In questo anno, segnato dalle sofferenze e dalle sfide procurate dalla
pandemia da covid 19, questo cammino missionario di tutta la Chiesa prosegue
alla luce della parola che troviamo nel racconto della vocazione del profeta
Isaia: «Eccomi, manda me» (Is 6,8). È la risposta
sempre nuova alla domanda del Signore: «Chi manderò?» (ibid.). Questa
chiamata proviene dal cuore di Dio, dalla sua misericordia che interpella sia
la Chiesa sia l’umanità nell’attuale crisi mondiale. «Come i discepoli del
Vangelo siamo stati presi alla sprovvista da una tempesta inaspettata e
furiosa. Ci siamo resi conto di trovarci sulla stessa barca, tutti fragili e
disorientati, ma nello stesso tempo importanti e necessari, tutti chiamati a
remare insieme, tutti bisognosi di confortarci a vicenda. Su questa barca... ci
siamo tutti. Come quei discepoli, che parlano a una sola voce e nell’angoscia
dicono: “Siamo perduti” (v. 38), così anche noi ci siamo accorti che non
possiamo andare avanti ciascuno per conto suo, ma solo insieme» (Meditazione in Piazza San Pietro, 27 marzo
2020). Siamo veramente spaventati, disorientati e impauriti. Il dolore e la
morte ci fanno sperimentare la nostra fragilità umana; ma nello stesso tempo ci
riconosciamo tutti partecipi di un forte desiderio di vita e di liberazione dal
male. In questo contesto, la chiamata alla missione, l’invito ad uscire da sé
stessi per amore di Dio e del prossimo si presenta come opportunità di
condivisione, di servizio, di intercessione. La missione che Dio affida a
ciascuno fa passare dall’io pauroso e chiuso all’io ritrovato e rinnovato dal
dono di sé.
Nel sacrificio della croce, dove si compie la missione di Gesù
(cfr Gv 19,28-30), Dio rivela che il suo amore è per ognuno e
per tutti (cfr Gv 19,26-27).
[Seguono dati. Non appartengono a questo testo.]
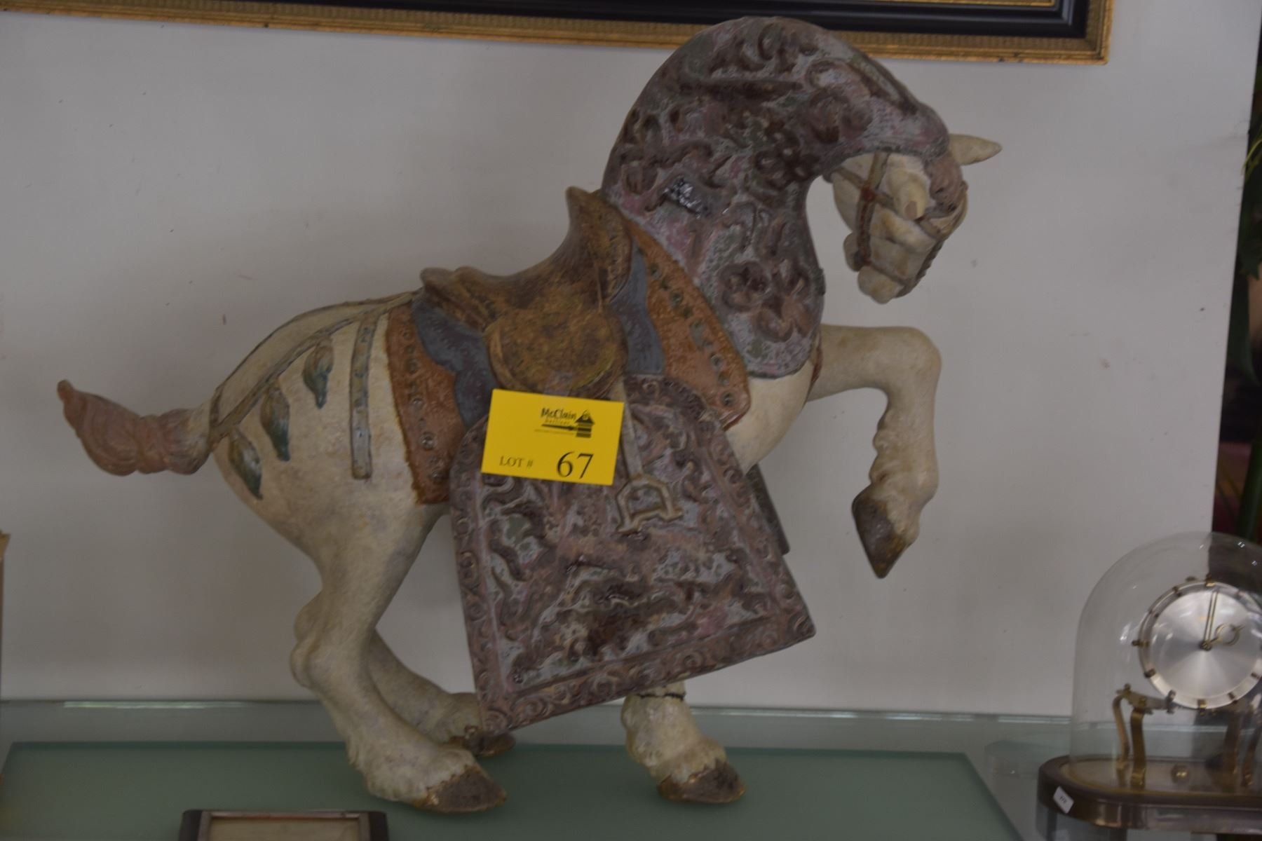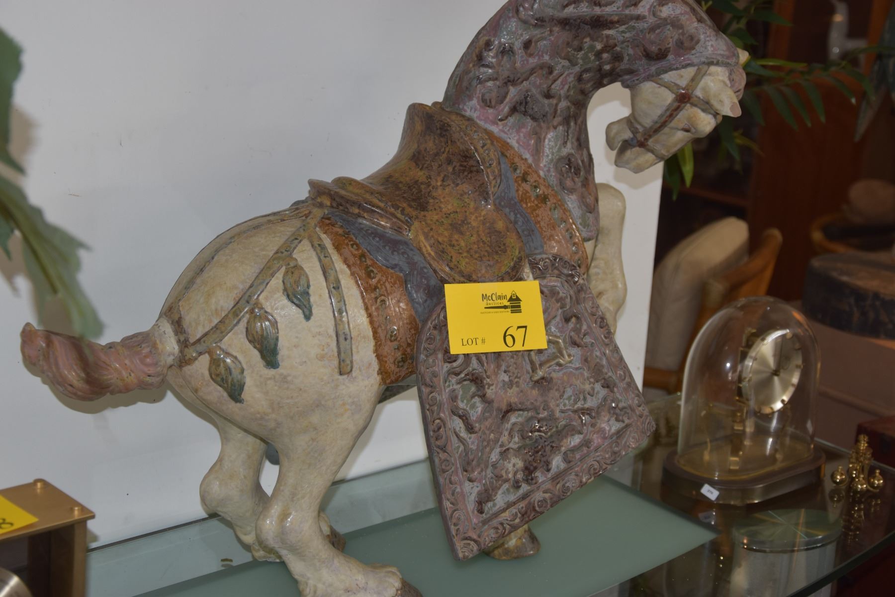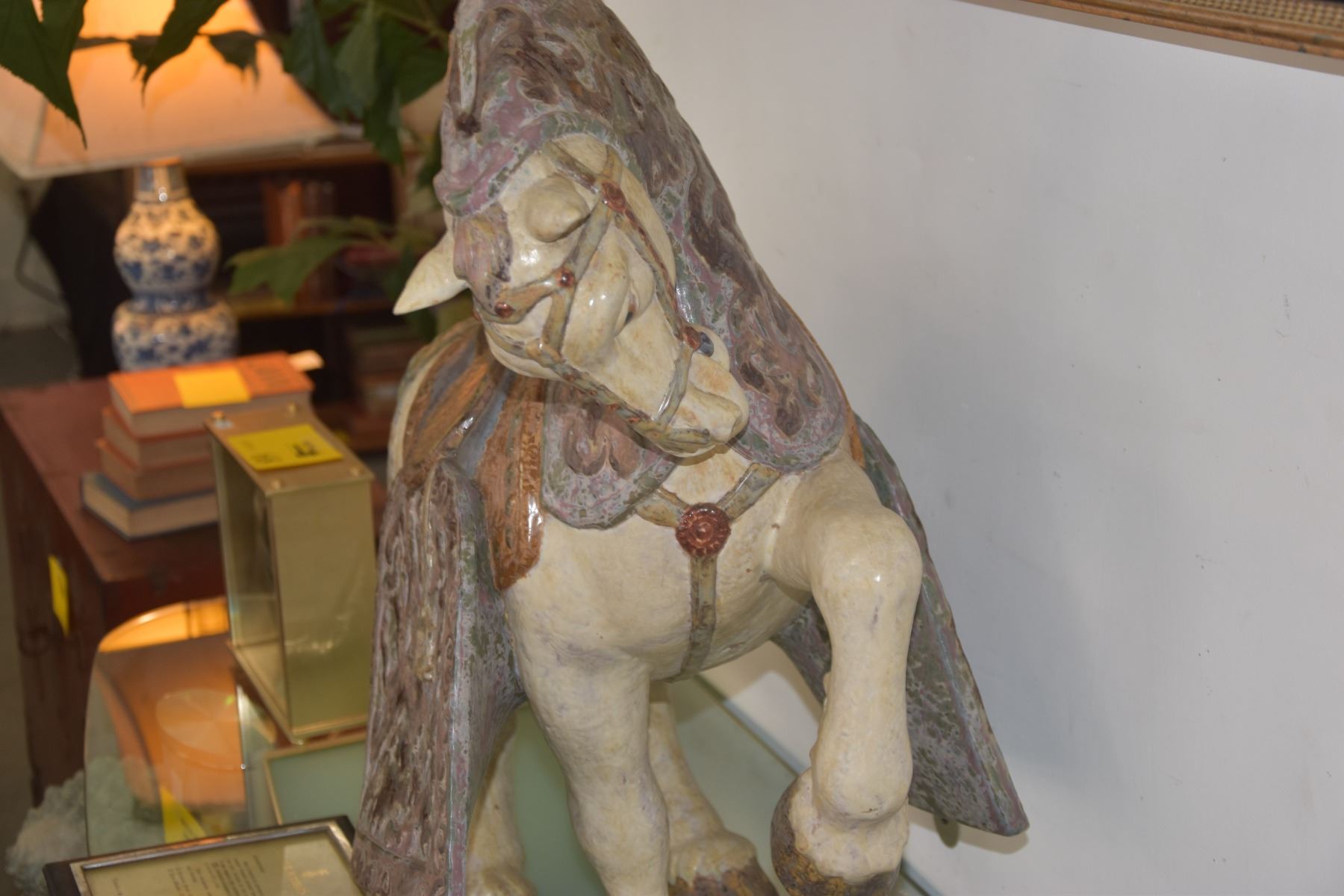RARE LLADRO CERAMIC TANG STYLE HORSE SCULPTURE; SIGNED & DATED FEB 1978 (W/REPAIR TO LEG) (31" X 29")
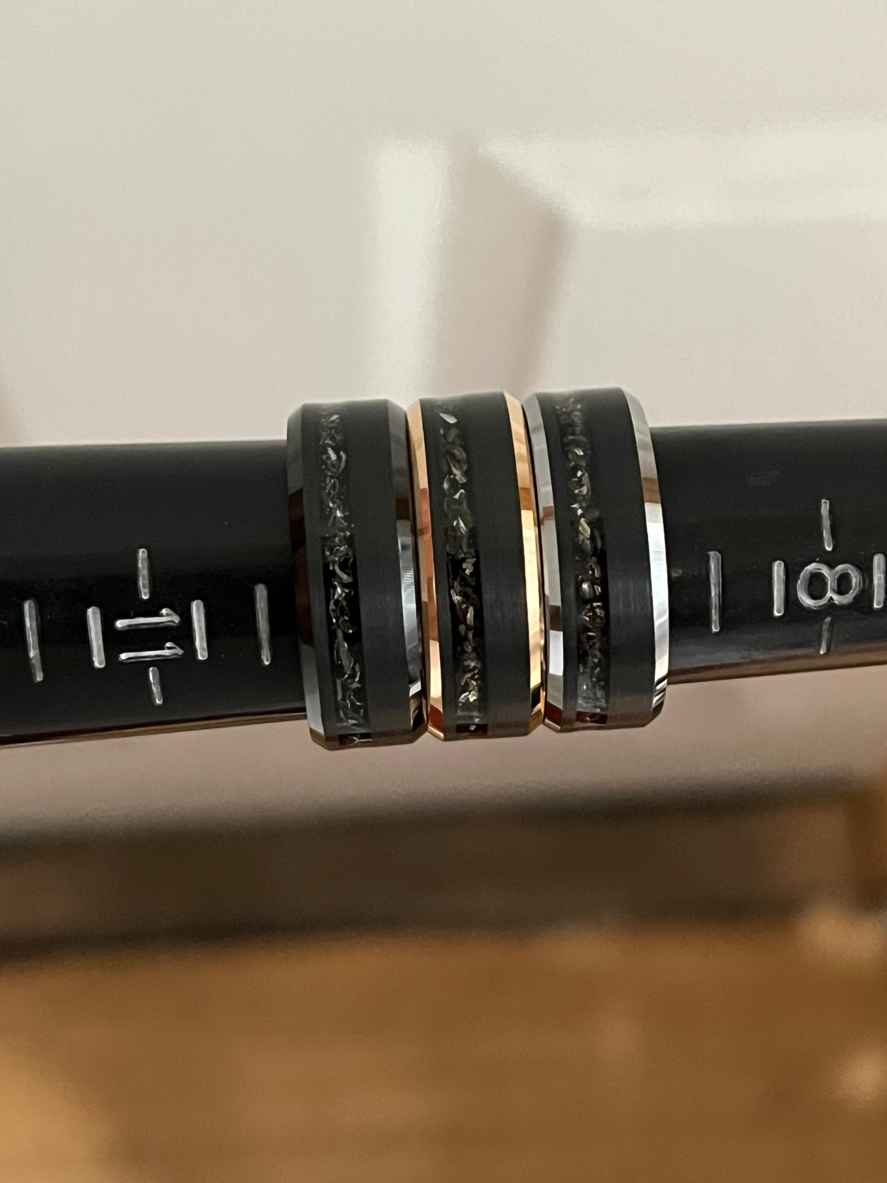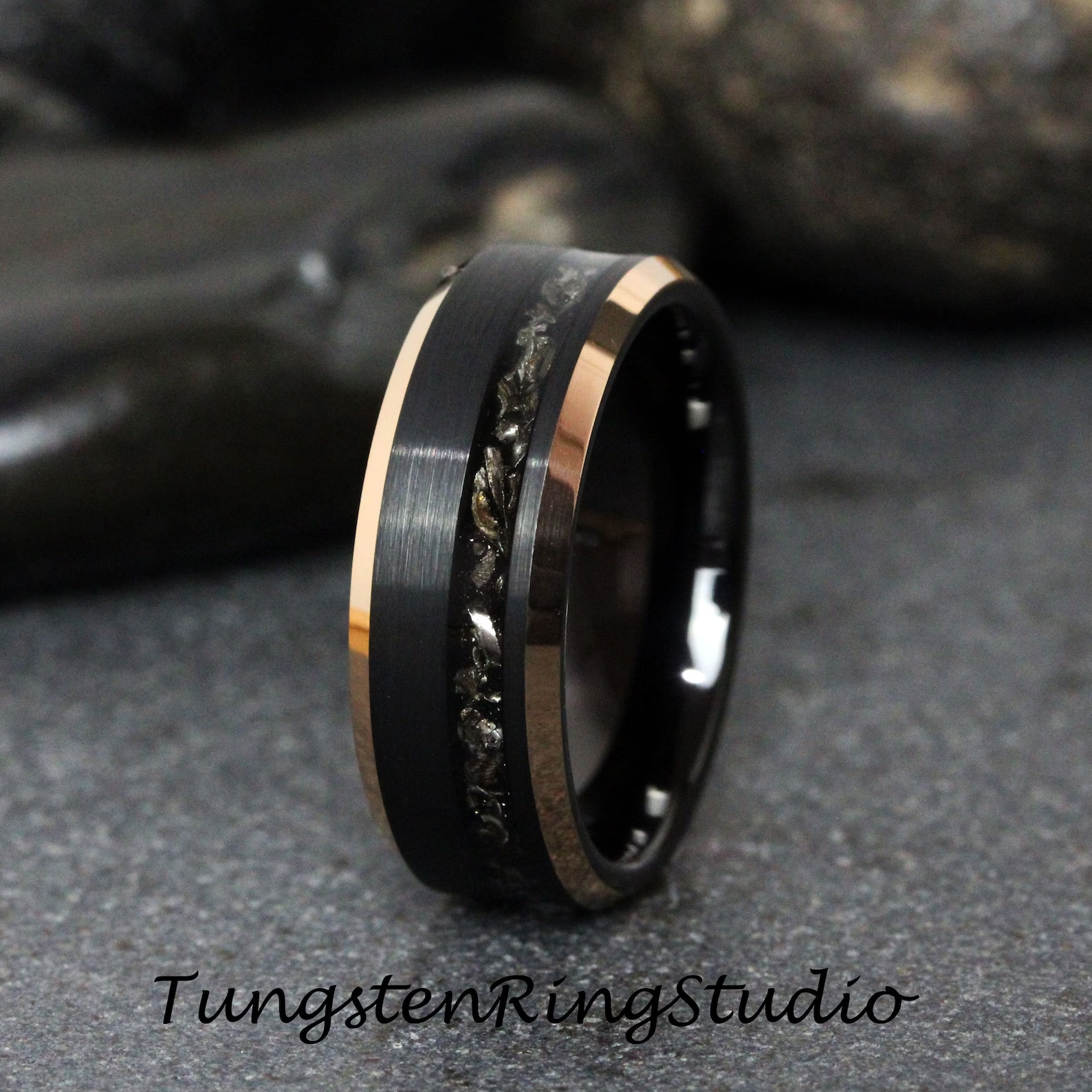 Meteorite Black Bevel Rose Gold Edges Tungsten Carbide Ring – TungstenRingStudio

E ci chiede la nostra personale
disponibilità ad essere inviati, perché Egli è Amore in perenne movimento di
missione, sempre in uscita da sé stesso per dare vita. Per amore degli uomini,
Dio Padre ha inviato il Figlio Gesù (cfr Gv 3,16). Gesù è il
Missionario del Padre: la sua Persona e la sua opera sono interamente obbedienza
alla volontà del Padre (cfr Gv 4,34; 6,38; 8,12-30; Eb 10,5-10).
A sua volta Gesù, crocifisso e risorto per noi, ci attrae nel suo movimento di
amore, con il suo stesso Spirito, il quale anima la Chiesa, fa di noi dei
discepoli di Cristo e ci invia in missione verso il mondo e le genti.
«La missione, la “Chiesa in uscita” non sono un programma, una
intenzione da realizzare per sforzo di volontà. È Cristo che fa uscire la
Chiesa da se stessa. Nella missione di annunciare il Vangelo, tu ti muovi perché
lo Spirito ti spinge e ti porta» (Senza di Lui non possiamo far nulla,
LEV-San Paolo, 2019, 16-17). Dio ci ama sempre per primo e con questo amore ci
incontra e ci chiama. La nostra vocazione personale proviene dal fatto che
siamo figli e figlie di Dio nella Chiesa, sua famiglia, fratelli e sorelle in
quella carità che Gesù ci ha testimoniato. Tutti, però, hanno una dignità umana
fondata sulla chiamata divina ad essere figli di Dio, a diventare, nel
sacramento del Battesimo e nella libertà della fede, ciò che sono da sempre nel
cuore di Dio.
Già l’aver ricevuto gratuitamente la vita costituisce un implicito
invito ad entrare nella dinamica del dono di sé: un seme che, nei battezzati,
prenderà forma matura come risposta d’amore nel matrimonio e nella verginità
per il Regno di Dio. La vita umana nasce dall’amore di Dio, cresce nell’amore e
tende verso l’amore. Nessuno è escluso dall’amore di Dio, e nel santo
sacrificio di Gesù Figlio sulla croce Dio ha vinto il peccato e la morte
(cfr Rm 8,31-39). Per Dio, il male – persino il peccato –
diventa una sfida ad amare e amare sempre di più (cfr Mt 5,38-48; Lc 23,33-34).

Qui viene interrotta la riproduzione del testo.